- Provided records

###

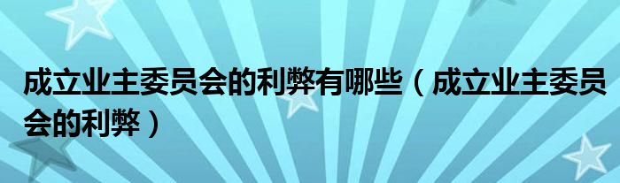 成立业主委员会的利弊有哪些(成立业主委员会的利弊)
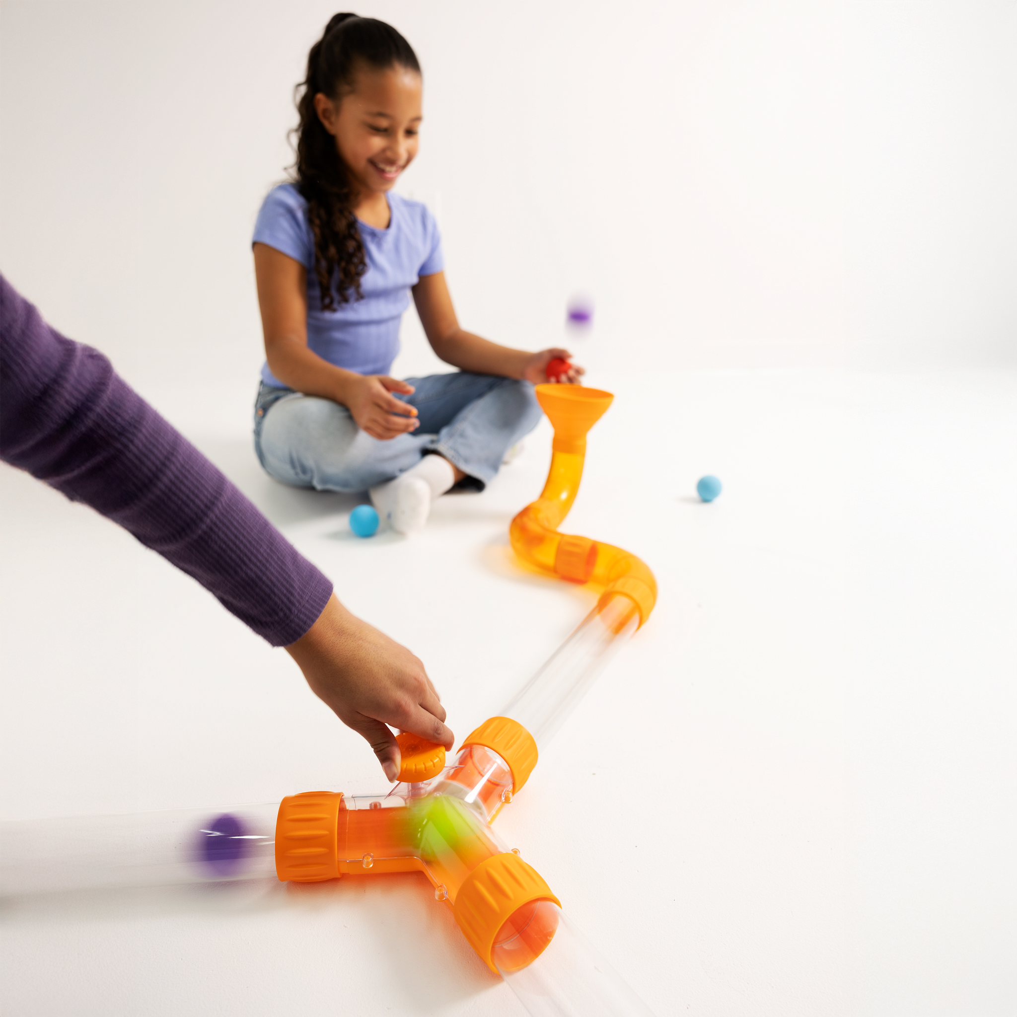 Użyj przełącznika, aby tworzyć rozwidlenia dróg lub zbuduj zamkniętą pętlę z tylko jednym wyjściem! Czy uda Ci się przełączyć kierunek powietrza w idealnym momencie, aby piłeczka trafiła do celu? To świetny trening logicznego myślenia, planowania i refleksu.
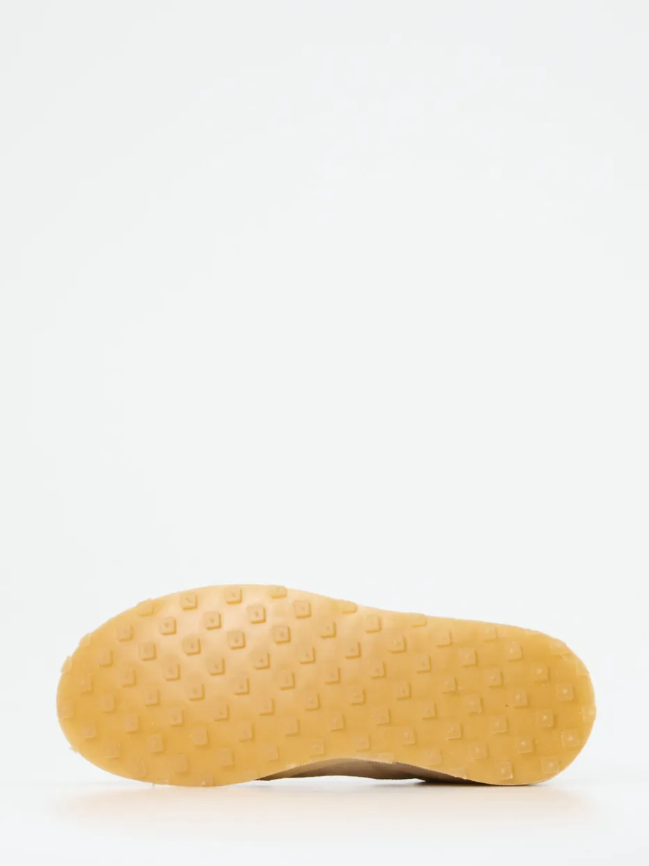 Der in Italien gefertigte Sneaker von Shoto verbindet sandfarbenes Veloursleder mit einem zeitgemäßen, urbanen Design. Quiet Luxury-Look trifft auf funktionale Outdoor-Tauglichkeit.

###

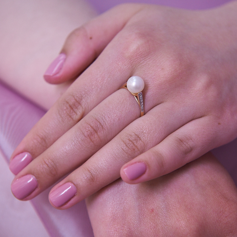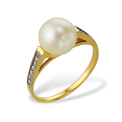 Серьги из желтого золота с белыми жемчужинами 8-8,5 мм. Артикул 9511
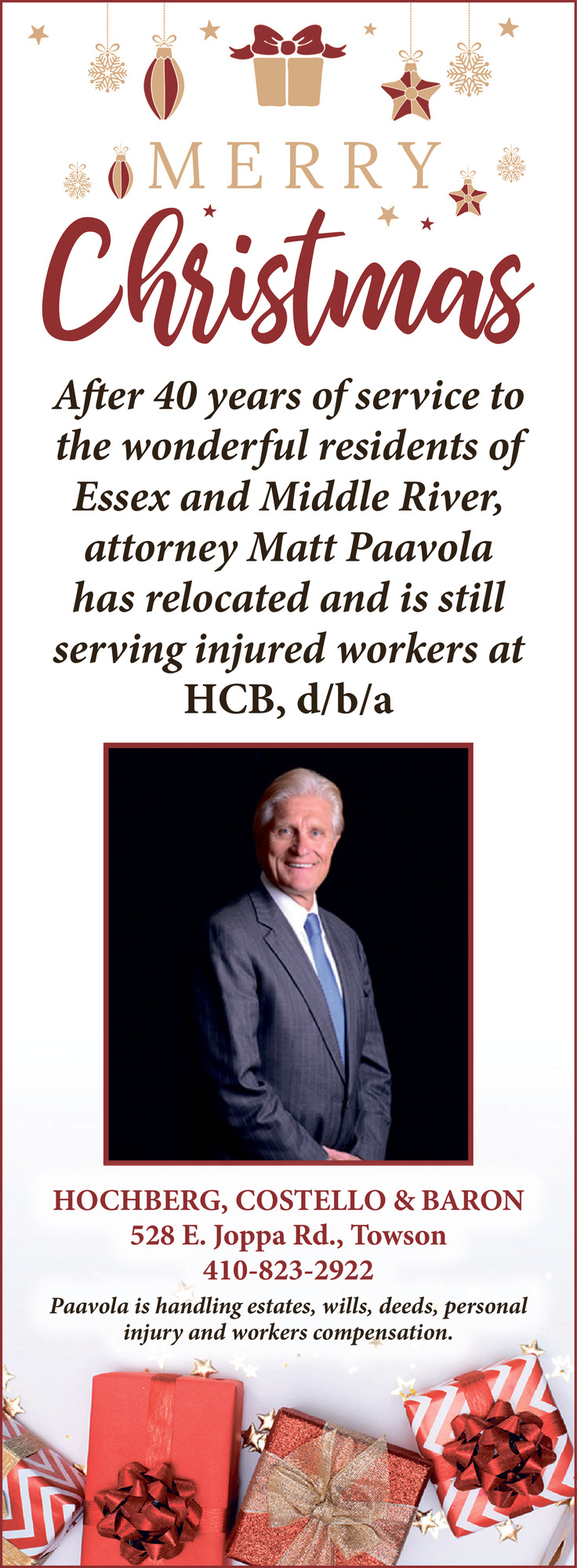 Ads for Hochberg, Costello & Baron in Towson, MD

###

Using the data above, retype exactly the lines from the line with "成立业主委员会的利弊有哪些(成立业主委员会的利弊)" to the line with "Der in Italien", inclusive. No pictures and nothing else.

- Answer section
 成立业主委员会的利弊有哪些(成立业主委员会的利弊)
 Użyj przełącznika, aby tworzyć rozwidlenia dróg lub zbuduj zamkniętą pętlę z tylko jednym wyjściem! Czy uda Ci się przełączyć kierunek powietrza w idealnym momencie, aby piłeczka trafiła do celu? To świetny trening logicznego myślenia, planowania i refleksu.
 Der in Italien gefertigte Sneaker von Shoto verbindet sandfarbenes Veloursleder mit einem zeitgemäßen, urbanen Design. Quiet Luxury-Look trifft auf funktionale Outdoor-Tauglichkeit.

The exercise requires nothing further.